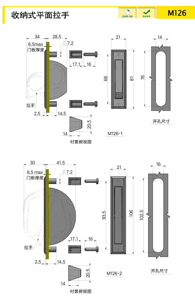 M126 - 1: ABS, M126 - 2: ABS + Цинковые ручки Конструкция встроенной установки, вывихнутая при нажатии при использовании после установки, без необходимости скрывать
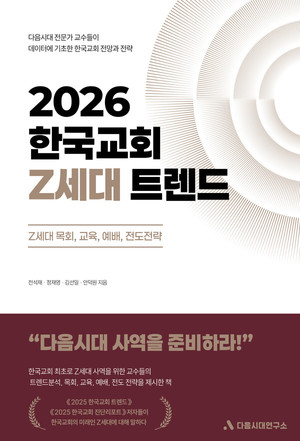 Z세대(18~28세)의 10명 중 8명이 ‘교회를 신뢰하지 않는다’는 조사 결과가 나왔다. 교회 내에서도 이들은 참여도와 제자훈련 기회에서 가장 낮은 수준을 보이며 신앙 성장에 어려움을 겪고 있는 것으로 나타났다. 디지털 세대의 변화된 감수성과 세계관에 적절히 대응하지 못한다면, 한국교회는 다음세대와의 단절을 피하기 어렵다는 우려가 커지고 있다.이러한 문제의식 속에, 《2026 한국교회 Z세대 트렌드: Z세대 목회·교육·예배·전도 전략》이 출간됐다. 지난해 발간된 《2025 Z세대 트렌드와 한국교회》의 후속작으로, 이번 책은 Z세대
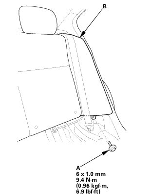 1. Remove the bolt (A) securing the rear seat side bolster (B).

************

== Task description ==
Repeat the listing above in full, exactly, and omit its pictures.

== Task solution ==
 M126 - 1: ABS, M126 - 2: ABS + Цинковые ручки Конструкция встроенной установки, вывихнутая при нажатии при использовании после установки, без необходимости скрывать
 Z세대(18~28세)의 10명 중 8명이 ‘교회를 신뢰하지 않는다’는 조사 결과가 나왔다. 교회 내에서도 이들은 참여도와 제자훈련 기회에서 가장 낮은 수준을 보이며 신앙 성장에 어려움을 겪고 있는 것으로 나타났다. 디지털 세대의 변화된 감수성과 세계관에 적절히 대응하지 못한다면, 한국교회는 다음세대와의 단절을 피하기 어렵다는 우려가 커지고 있다.이러한 문제의식 속에, 《2026 한국교회 Z세대 트렌드: Z세대 목회·교육·예배·전도 전략》이 출간됐다. 지난해 발간된 《2025 Z세대 트렌드와 한국교회》의 후속작으로, 이번 책은 Z세대
 1. Remove the bolt (A) securing the rear seat side bolster (B).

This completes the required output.